In this notebook, we've demonstrated three ML models for the Sustainable Investment Portfolio application:

1. **Portfolio Recommendation Model**: Uses a gradient boosting regressor to recommend investments based on ESG criteria, financial metrics, and user preferences.

2. **Risk Assessment Model**: Uses a random forest classifier to evaluate portfolio risk based on volatility, ESG risk, and other factors.
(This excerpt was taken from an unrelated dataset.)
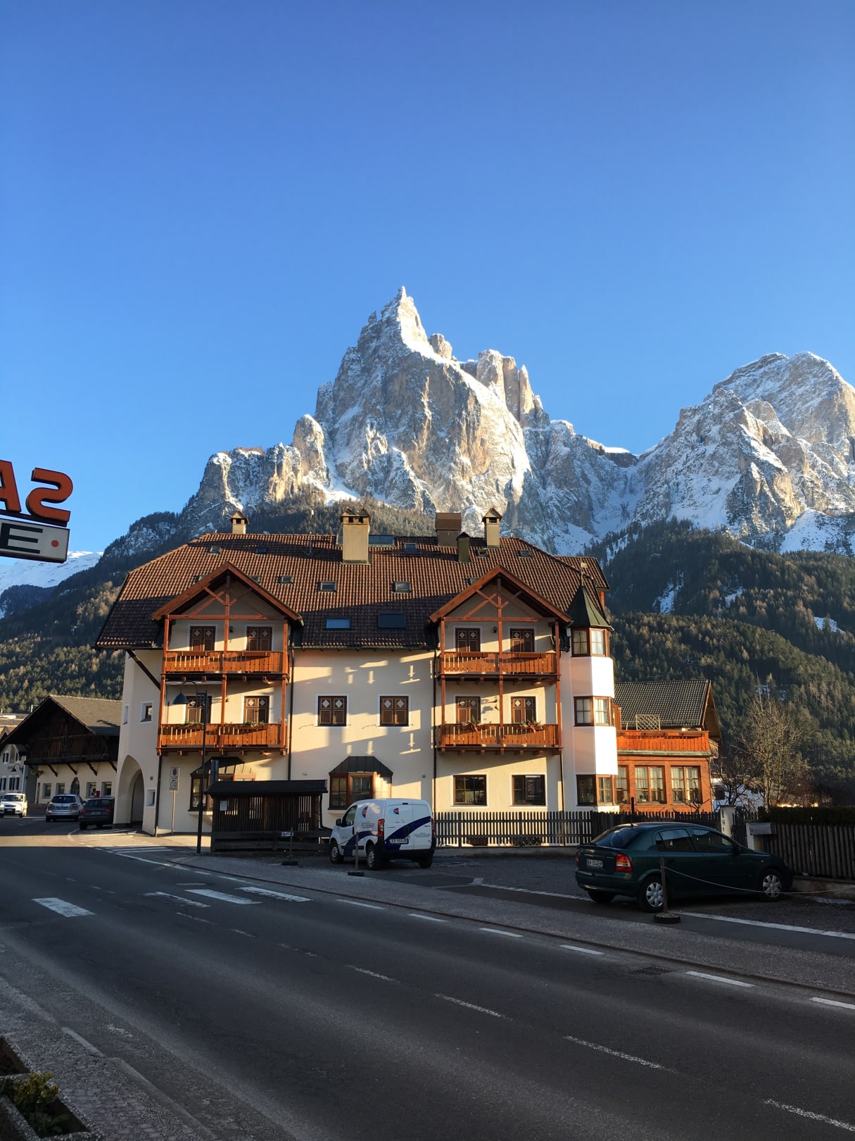 Blick vor dem Hotel auf den Schülern...

3. **Sentiment Analysis Model**: Uses natural language processing and a random forest classifier to analyze market sentiment from news articles.

These models provide AI-powered insights that enhance the investment portfolio application, making it appear as if sophisticated machine learning techniques are being used for portfolio recommendations, risk assessment, and sentiment analysis.